Tan Kim Ching was a member of the Ghee Hin secret society and a supporter of the Raja Muda Abdullah of Perak and the Ghee Hin in Larut. It was Tan Kim Ching who had encouraged Abdullah to write seeking the involvement of the British.

Released from his arrest at sea, and his temporary incarceration on Penang, and forbidden return to Perak, Abdullah ventured to Singapore in October 1873 to seek help from the Ghee Hin there. Had Ngah Ibrahim not already aligned himself with the Hai San, he would not have got it. As it was, he arrived at an accommodation with Tan Kim Ching whose influence among the Chinese, at that time, was without comparison. After going through the introduction provided by the Ghi Hin from Penang Tan Kim Ching offered to put Abdullah on the throne in return for five elevenths (5/11) of all duties collected between Telok Serah and Krian for a period of ten years.

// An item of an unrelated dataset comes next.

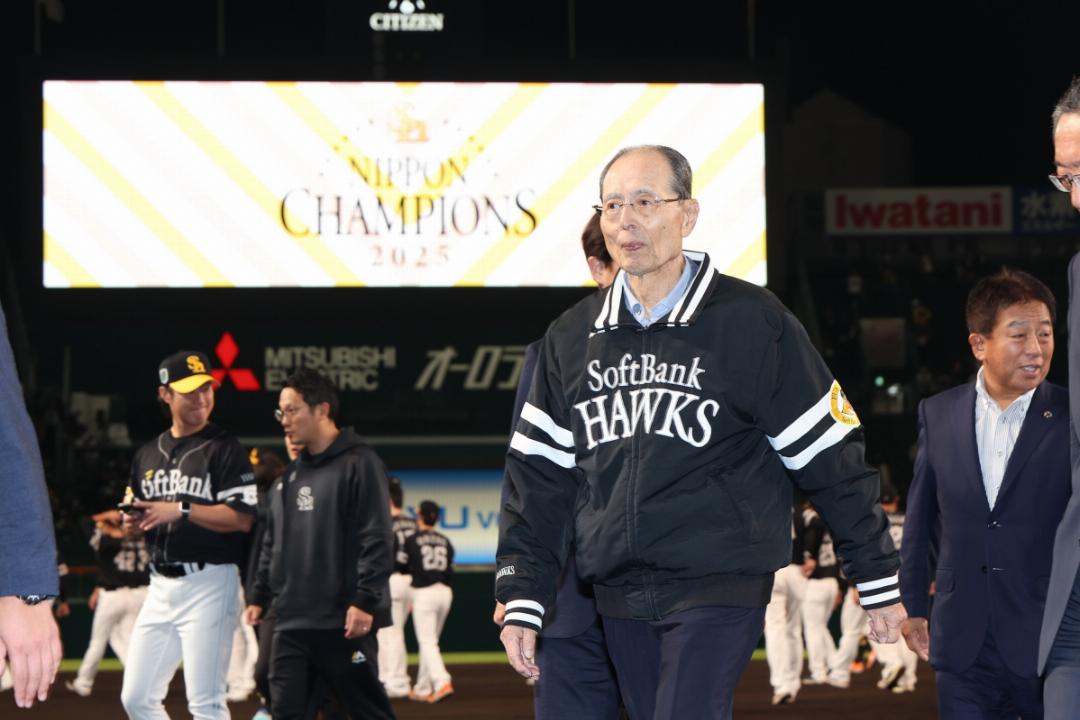 王貞治会長を中心に集合撮影をおこなう福岡ソフトバンクホークスナイン

Tan Kim Ching together with an English merchant in Singapore (W. H. M. Read) drafted a letter to Governor Sir Andrew Clarke, which Abdullah signed, in which Raja Muda Abdullah expressed his desire to place Perak under British protection, and "to have a man of sufficient abilities to show him a good system of government."

In the British intervention in Malaya 1867-1877 Parkinson tells us that Sir Andrew Clarke, just weeks after his arrival in Singapore, had already found evidence of the continuing disturbances in Perak and Selangor. Apart from his executive council, he talked to Tan Kim Cheng. Clarke decided that both the Hai San and Ghee Hin should have access to Larut with neither side being excluded, a complete reversal of the policy of his predecessor, Sir Harry Ord. Tan Kim Ching agreed and wrote to the Ghee Hin on Penang to put this to them and advocate peace.

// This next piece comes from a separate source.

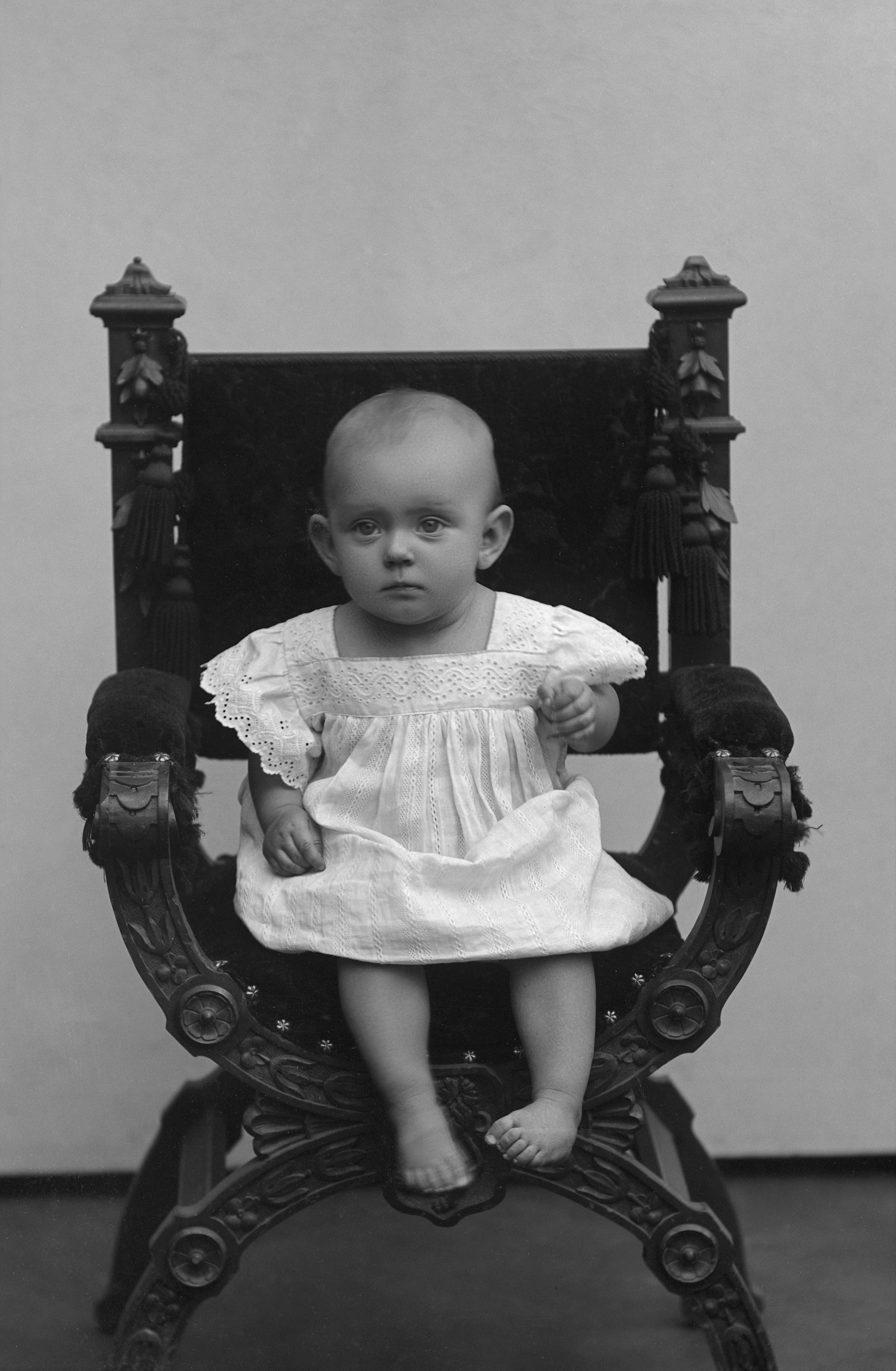 Porträtt i helfigur av fru Alströms dotter, sittande på stol.

Clarke then sent Pickering to Penang to talk to the respective headmen in Penang. Pickering gave Tan Kim Ching's letter to Chin Ah Yam. Twenty Ghee Hin headmen met through the night at the Ghee Hin Kongsi house considering Tan Kim Cheng's letter. In the morning they met with Pickering and agreed to surrender their forces in seven days time.

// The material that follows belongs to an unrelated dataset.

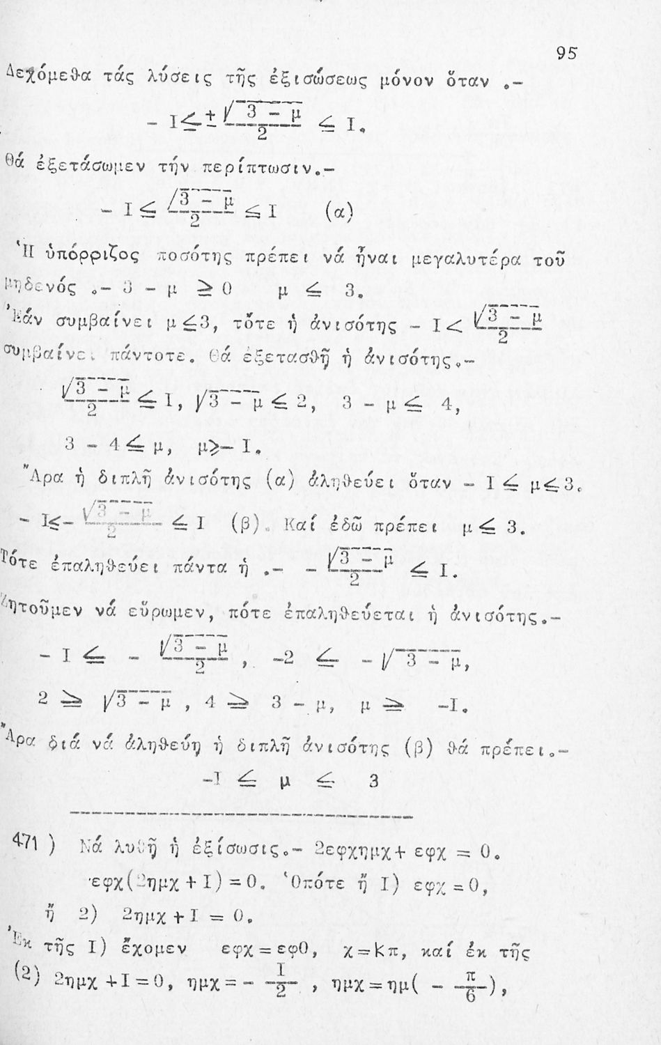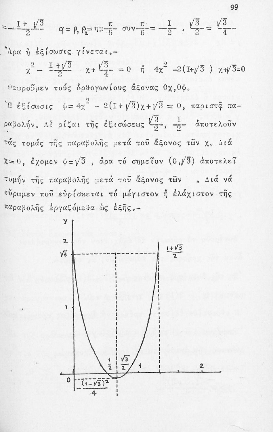 Σχολικό εγχειρίδιο Μαθηματικών Γ΄ Λυκείου που είναι χωρισμένο σε θεωρήματα, παραδείγματα και ασκήσεις και περιλαμβάνει στοιχεία Ανώτερης Άλγεβρας και Μαθηματικής Ανάλυσης.

Following that outcome and the outcome of a meeting with Chung Keng Quee whom Pickering also met, Sir Andrew Clarke then gathered the main Chinese leaders (principally Chung Keng Quee and Chin Ah Yam) and some Malays – including Abdullah – at Pulau Pangkor where the "Pangkor Engagement" was formulated and signed, recognising Abdullah as Sultan, and getting the Chinese to agree to settle their differences in Larut under British arbitration.

Singapore syndicates
During the tenure of Chiu Sin Yong's Revenue Farming syndicate in Singapore, backed by Khoo Thean Poh, Tan testified against Cheang Hong Lim and his group who had mobilized all of their allies and affiliates and organized a conspiracy to scuttle Chiu's farming syndicate. Tan Kim Cheng's testimony was a godsend for Chiu and Khoo. Tan and his father Tan Tock Seng, representing most of the Malacca-born Hokkien, led the Haizhang group while their archrivals Cheang Sam Teo and his son, Cheang Hong Lim led the Zhang Hai group, the division between Hokkien migrants from Quanzhou and Zhangzhou.

Honours
Commander of the Third Class of the Order of the Rising Sun of Japan.
Special letter of thanks from the Governor of the Straits Settlements, Sir Andrew Clarke, for his role in settling a difficulty that arose between the Siamese and Perak governments.
Special letter and honour from China for his contribution to the Famine Fund in 1890.

Personal life
Tan had three wives and a total of 19 children. He had seven children with his first wife, Chua Yee Ren, three children with Khunying, Puen Anukulsiamkit, and nine children in his third marriage.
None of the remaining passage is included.